Jeff Thompson is one of ten Princeton scientists, including three faculty members in the School of Engineering and Applied Science, selected to receive a 2019 Sloan Research Fellowship, a highly competitive grant given to outstanding young scholars working at the frontiers of their fields.

The fellows are among 126 scientists chosen for the award from 57 colleges and universities in the United States and Canada. Princeton earned the most fellowships of any single-campus institution, with at least one winner from each field.

Thompson, assistant professor of electrical engineering, researches applied physics, photonics and quantum information. His work explores methods to control individual atoms in order to harness their quantum properties for computing, communications and sensing technology. He joined the faculty in 2016.

To see the full list of Princeton recipients, see this story.

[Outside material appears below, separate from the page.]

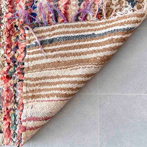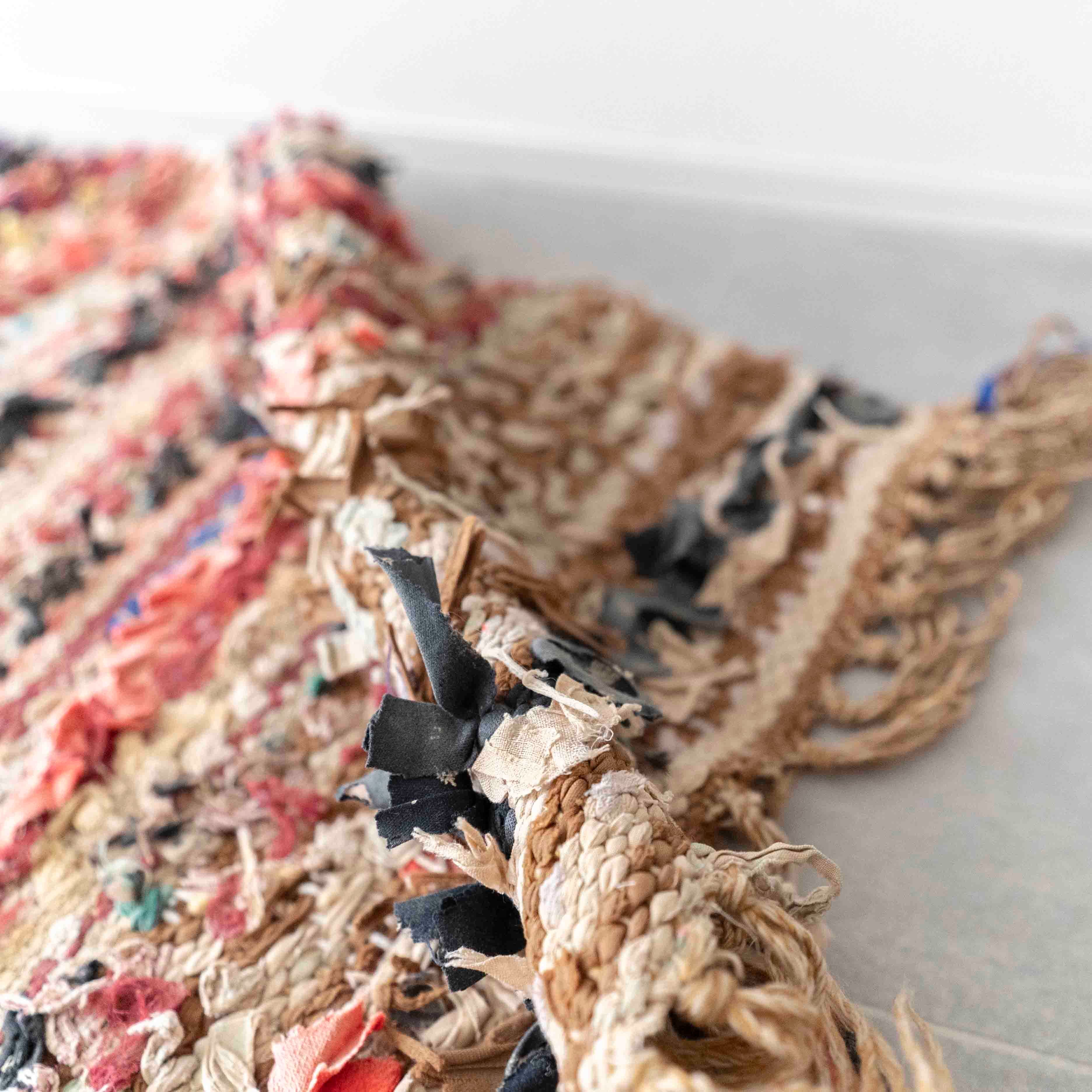 アトラス山脈をはじめ、モロッコ各地のベルベル村の女性達によって織られる絨毯、ボ・シャルウィット。素材は全て服の端切でできたリサイクル絨毯で、「シャルウィット」はベルベル語で端切れという意味です。遊牧生活から定住生活に変わったことで、羊を買う必要性がなくなったことから、リサイクルが得意なベルベルの女性たちは羊の毛の代わりに自分たちの着なくなった服を裂いて織り始めました。ウールのラグよりも歴史が浅いため、「家のために」「嫁入り道具として」織られた古いボ・シャルウィットは今では見つかりにくくなりました。

Sloan Research Fellows are free to pursue any lines of inquiry that interest them, and they are permitted to employ their two-year grant of $70,000 in a wide variety of ways to further their research aims. Since the first awards were created in 1955, some 226 faculty from Princeton University have received a Sloan Research Fellowship. The foundation is a New York City-based philanthropic institution established by Alfred Sloan Jr., then-president and chief executive officer of the General Motors Corp.